--- EXTRACTED MATERIAL ---
>>

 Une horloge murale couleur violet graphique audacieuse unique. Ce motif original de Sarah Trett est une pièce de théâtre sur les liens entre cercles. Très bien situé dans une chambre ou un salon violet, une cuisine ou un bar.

<<
>>

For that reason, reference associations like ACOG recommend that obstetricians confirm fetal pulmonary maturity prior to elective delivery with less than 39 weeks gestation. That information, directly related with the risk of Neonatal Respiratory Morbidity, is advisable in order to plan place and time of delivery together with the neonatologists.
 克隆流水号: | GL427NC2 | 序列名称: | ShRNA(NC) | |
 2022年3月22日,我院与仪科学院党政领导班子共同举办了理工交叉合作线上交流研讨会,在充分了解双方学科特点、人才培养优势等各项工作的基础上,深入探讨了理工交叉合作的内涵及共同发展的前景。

<<
>>

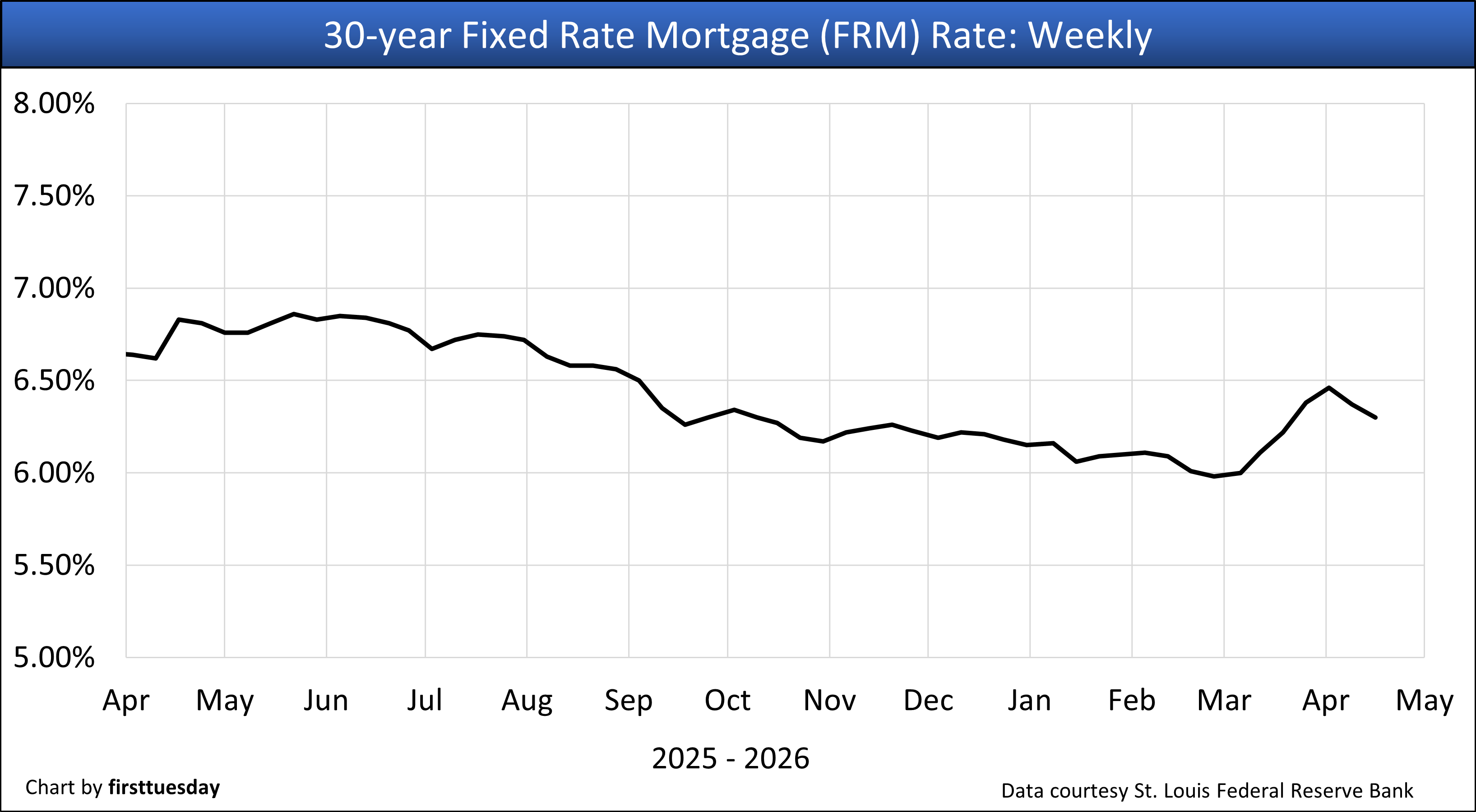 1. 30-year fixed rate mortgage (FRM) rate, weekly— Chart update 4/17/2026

<<

--- ACTIVITY ---
Retype exactly, and only, the lines above from the one where "克隆流水号: | GL427NC2 | 序列名称: | ShRNA(NC) | |" occurs up to and including the one where "2022年3月22日,我院与" occurs.

--- RESULT ---
 克隆流水号: | GL427NC2 | 序列名称: | ShRNA(NC) | |
 2022年3月22日,我院与仪科学院党政领导班子共同举办了理工交叉合作线上交流研讨会,在充分了解双方学科特点、人才培养优势等各项工作的基础上,深入探讨了理工交叉合作的内涵及共同发展的前景。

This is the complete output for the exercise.